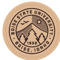
CL180 | Leather Applique NEW Featured on style 115, page 10
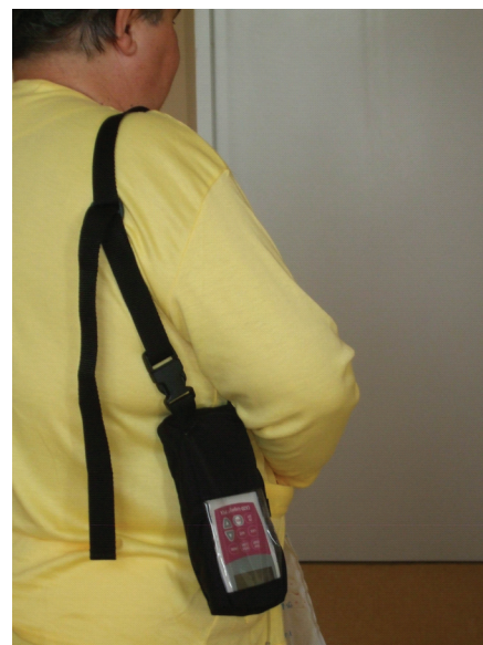
Figure 3. A breast cancer patient after quadreantectomy with axillary lymph node dissection carrying PCA pump delivering local anaesthetic levobupivacaine. PCA pump allows dose adjustment which is usually required in the obese or underweight patients.

In the several studies continuous wound infiltration was efficient for the postoperative analgesia in the breast
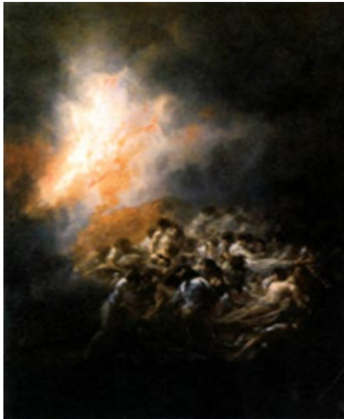
Fire at Night

Morning Prayer and Commissioning of Our Lay Candidates for the Lay Leadership Team and Lay Eucharistic Ministries Team of St John the Baptist, Cobble Hill
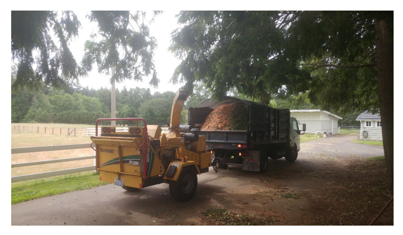
Figure 4. Arborist wood chips delivery from a local tree service.

There are wood chip mulches (e.g., hog fuel and playground chips) available at garden centers and other retail sites. But the landscape plant and soil research to date overwhelmingly suggest that arborist wood chip (AWC) mulches provide more benefits and fewer drawbacks than any of the other mulch choices (Chalker-Scott, 2007). Arborist wood chips are available from tree services, where tree prunings and removals are immediately fed through the chipper (Figure 4). Unfortunately, homeowners and professionals are often reluctant to use AWC mulches because of perceived drawbacks, none of which are supported by research. We deconstruct five misconceptions below.

INSTRUCTIONS FOR THE TASK: What is needed here is an exact copy of all the entries, without the pictures.

WORKED SOLUTION:
CL180 | Leather Applique NEW Featured on style 115, page 10
Figure 3. A breast cancer patient after quadreantectomy with axillary lymph node dissection carrying PCA pump delivering local anaesthetic levobupivacaine. PCA pump allows dose adjustment which is usually required in the obese or underweight patients.

In the several studies continuous wound infiltration was efficient for the postoperative analgesia in the breast
Fire at Night

Morning Prayer and Commissioning of Our Lay Candidates for the Lay Leadership Team and Lay Eucharistic Ministries Team of St John the Baptist, Cobble Hill
Figure 4. Arborist wood chips delivery from a local tree service.

There are wood chip mulches (e.g., hog fuel and playground chips) available at garden centers and other retail sites. But the landscape plant and soil research to date overwhelmingly suggest that arborist wood chip (AWC) mulches provide more benefits and fewer drawbacks than any of the other mulch choices (Chalker-Scott, 2007). Arborist wood chips are available from tree services, where tree prunings and removals are immediately fed through the chipper (Figure 4). Unfortunately, homeowners and professionals are often reluctant to use AWC mulches because of perceived drawbacks, none of which are supported by research. We deconstruct five misconceptions below.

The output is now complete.